* **Dataset records**:
Content starts

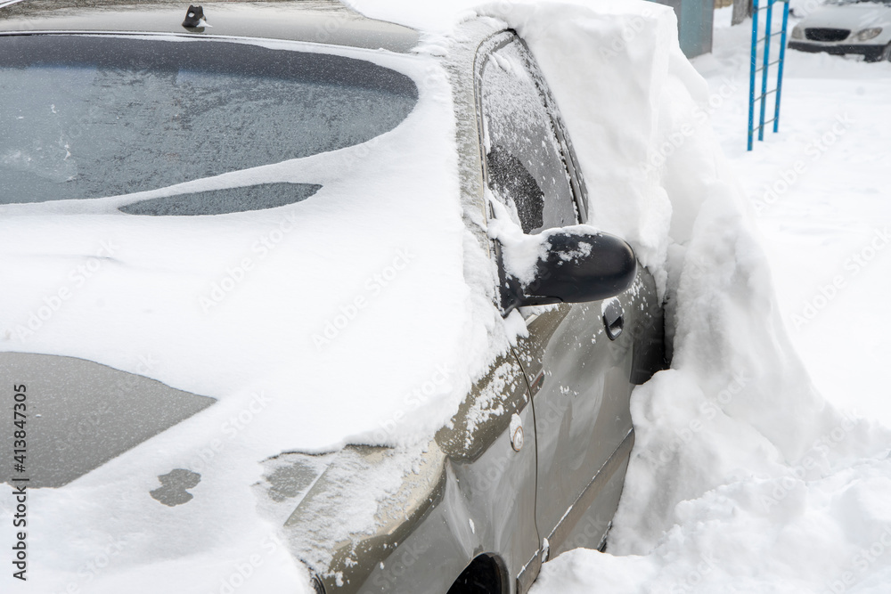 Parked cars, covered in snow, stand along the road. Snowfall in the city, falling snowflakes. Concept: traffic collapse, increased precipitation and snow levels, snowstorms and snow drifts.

Content ends
Content starts

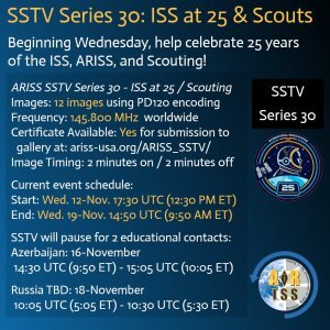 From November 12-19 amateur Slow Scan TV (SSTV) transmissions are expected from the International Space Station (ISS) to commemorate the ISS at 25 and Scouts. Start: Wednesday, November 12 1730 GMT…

Content ends
Content starts

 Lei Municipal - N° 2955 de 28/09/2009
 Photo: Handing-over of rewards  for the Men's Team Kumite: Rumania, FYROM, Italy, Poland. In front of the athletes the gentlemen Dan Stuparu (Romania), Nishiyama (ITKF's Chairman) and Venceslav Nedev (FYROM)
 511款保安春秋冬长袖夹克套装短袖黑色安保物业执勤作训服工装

Content ends

* **Directions for this task**: The exact lines of the material above starting at the one that contains "Photo: Handing-over of" and ending at the one that contains "511款保安春秋冬长袖夹克套装短袖黑色安保物业执勤作训服工装" are what to retype; leave out everything else.

* **Output of the task**:
 Photo: Handing-over of rewards  for the Men's Team Kumite: Rumania, FYROM, Italy, Poland. In front of the athletes the gentlemen Dan Stuparu (Romania), Nishiyama (ITKF's Chairman) and Venceslav Nedev (FYROM)
 511款保安春秋冬长袖夹克套装短袖黑色安保物业执勤作训服工装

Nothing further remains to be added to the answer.